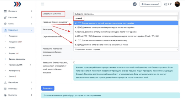 - Выбираете готовый шаблон в разделе «Бизнес-процессы».
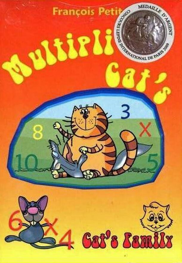 Multipli Cat's is a card game of calculation, memory, concentration and speed. Players take turns turning their cards over and compare their results. If 2 players have the same result (for instance 4 x 9 and 36), they must hit the mouse card placed in the center of the table (green card) as fast as possible. The quickest gives his cards to his opponent....
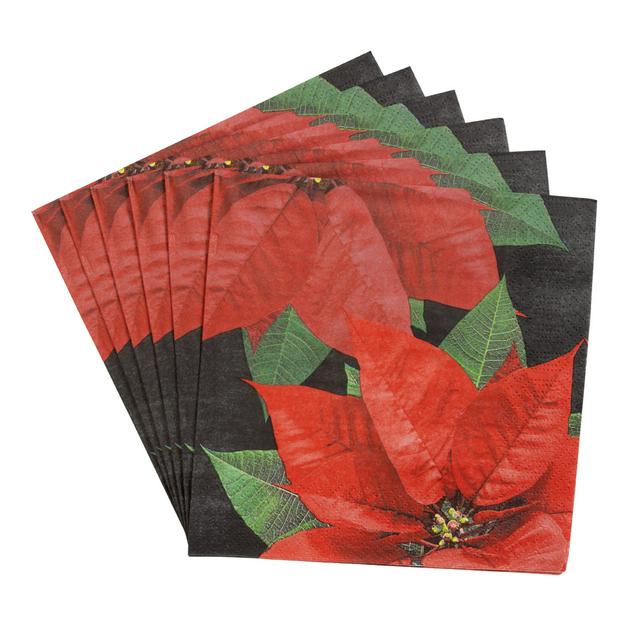Product details Description A bold and beautiful design. Rich red poinsettias punch out of a dark background. This pack of 3-ply paper napkins are almost too nice to use. Luckily, there are 20 in a pack, so plenty to go around. • Each napkin measures 33x33cm when opened and 16.5cm... Read More

:::

■ About this exercise ■
An exact repetition of the listing is needed, with the pictures dropped.

■ Written response ■
 - Выбираете готовый шаблон в разделе «Бизнес-процессы».
 Multipli Cat's is a card game of calculation, memory, concentration and speed. Players take turns turning their cards over and compare their results. If 2 players have the same result (for instance 4 x 9 and 36), they must hit the mouse card placed in the center of the table (green card) as fast as possible. The quickest gives his cards to his opponent....
Product details Description A bold and beautiful design. Rich red poinsettias punch out of a dark background. This pack of 3-ply paper napkins are almost too nice to use. Luckily, there are 20 in a pack, so plenty to go around. • Each napkin measures 33x33cm when opened and 16.5cm... Read More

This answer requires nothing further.